An early dawn last month brought together a unique interfaith group in Los Angeles for a day of breaking barriers.
Twenty Muslims and Jews gathered at a local park and prayed side by side before embarking on a day-long citywide journey of co-joined prayers throughout the Californian city with the goal of spreading their message that, through prayer, even those perceived as 'enemies' could break down barriers and usher in a sense of peace.
The initiative, coined "Two Faiths One Prayer," was birthed out of its participants' former experience in an eight-month fellowship which focused on conflict resolution, leadership training, and interfaith teachings. This "Newground: A Muslim-Jewish Partnership for Change" fellowship sowed the seeds for an interfaith praying experience, teaching its fellows of the others religious practices while fostering close friendships that tore down previous biases and misperceptions. It was also where participants came to realize the overlapping of Jewish and Muslim prayer times.
And that is where the "Two Faiths One Prayer" journey began.
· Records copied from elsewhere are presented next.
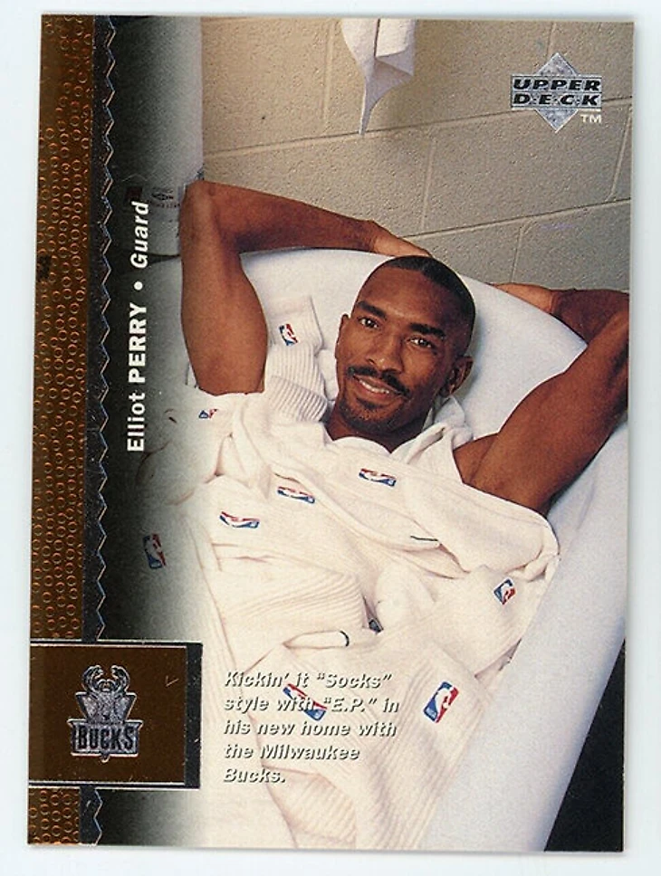 Подобных примеров можно было бы собрать еще с десяток, но ни один из них не переплюнул бы по степени гротеска карточку Upper Deck, изображающую защитника «Милуоки» Эллиота Перри в ванне, напичканной носками. И тут надо быть осторожным, чтобы не зайти в своих догадках слишком далеко. Все-таки этикет некоторых мероприятий с некоторых пор подразумевает носок как главный и единственный предмет одежды. Может, Перри просто зашел не в ту дверь?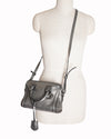 Alexander McQueen Metallic Leather Crossbody Bag is rendered in premium metallic leather. A standout feature is the iconic silver-tone skull padlock charm hanging from the front handle, serving as a definitive mark of Alexander McQueen’s provocative luxury heritage. Finished with dual rolled leather top handles and a slender, adjustable crossbody strap.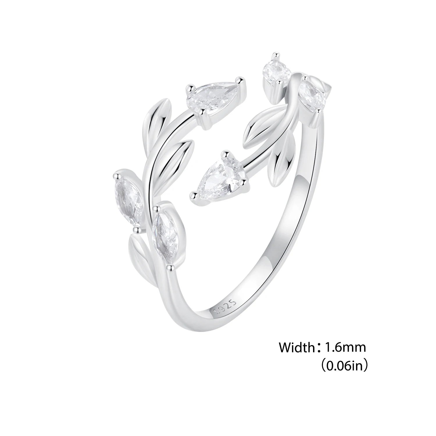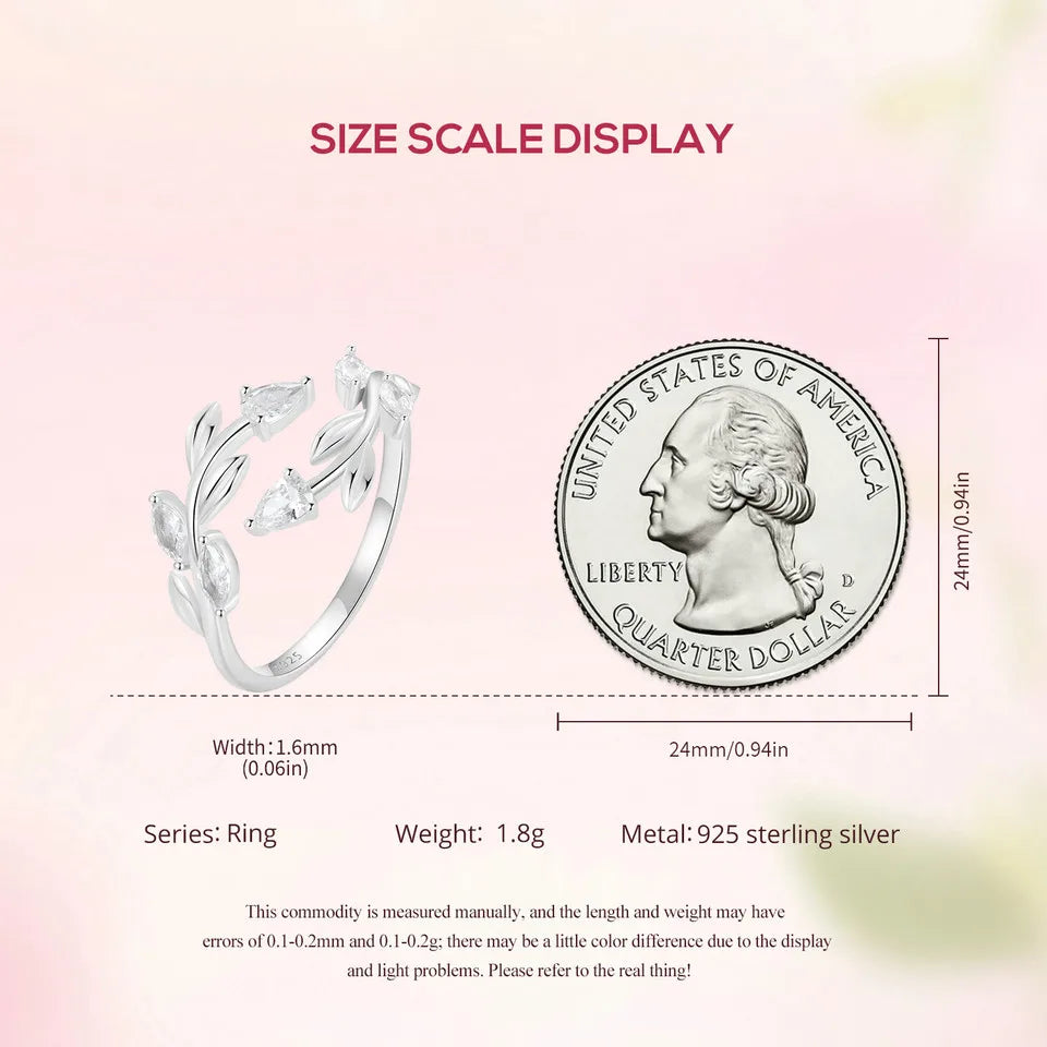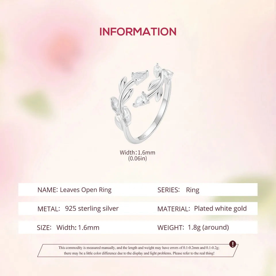 WOSTU 925 Sterling Silver Leaves Open Ring With Zircon For Women's Dating Daily Parties Fine Jewelry Gifts Dainty Trendy Jewelry

Inspired to promote the lessons of tolerance and acceptance garnered on the fellowship experience, the small group of 20 sought out to practice co-joined prayer on the public streets of Los Angeles.
"We're trying to show the world that Jews and Muslims are friends," a participant said in a video documenting the event. "We're illustrating to the world that Jews and Muslims can pray in a meaningful way, side by side."
They took on the streets on May 3rd, making their way from the picturesque beaches of Santa Monica at dawn, the pier still lit up behind them pre-sunrise, to a local park by noon, followed by an open space in between two of the city's museums, where they sat on grassy lawns and prayed as passerby respectably walked by and took interest.
The group, in the span of a day, made its way from the morning prayers of Shacharit and Fajr, to Mincha and Asr at noon, before concluding with Ma'ariv and Maghreb come nightfall.
The fourth stop in their journey was the only one that broke the cycle of the groups exclusivity - it was the sole praying destination open to the public.
Participants from around the city and county ushered in with friends and family members to join the original pluralistic group of 20 in prayers. The crowd exceeded all expectations; A swarm of around 100 inundated the steps of LA's City Hall, joining in prayers and reflections on coexistence.
"It's been incredible how meaningful my prayer has become when its more inclusive," a Jewish participant said of the experience. "Today, there's a wholeness in my life that I don't generally feel."
The organizing group concluded their day of prayer on a rooftop of a local building at dusk, overlooking the downtown skyline.
"Two Faiths One Prayer" hopes to trigger a series of similar initiatives promoting coexistence worldwide - to plant a "seed of hope and a seed of possibility," in regions beyond their physical reach.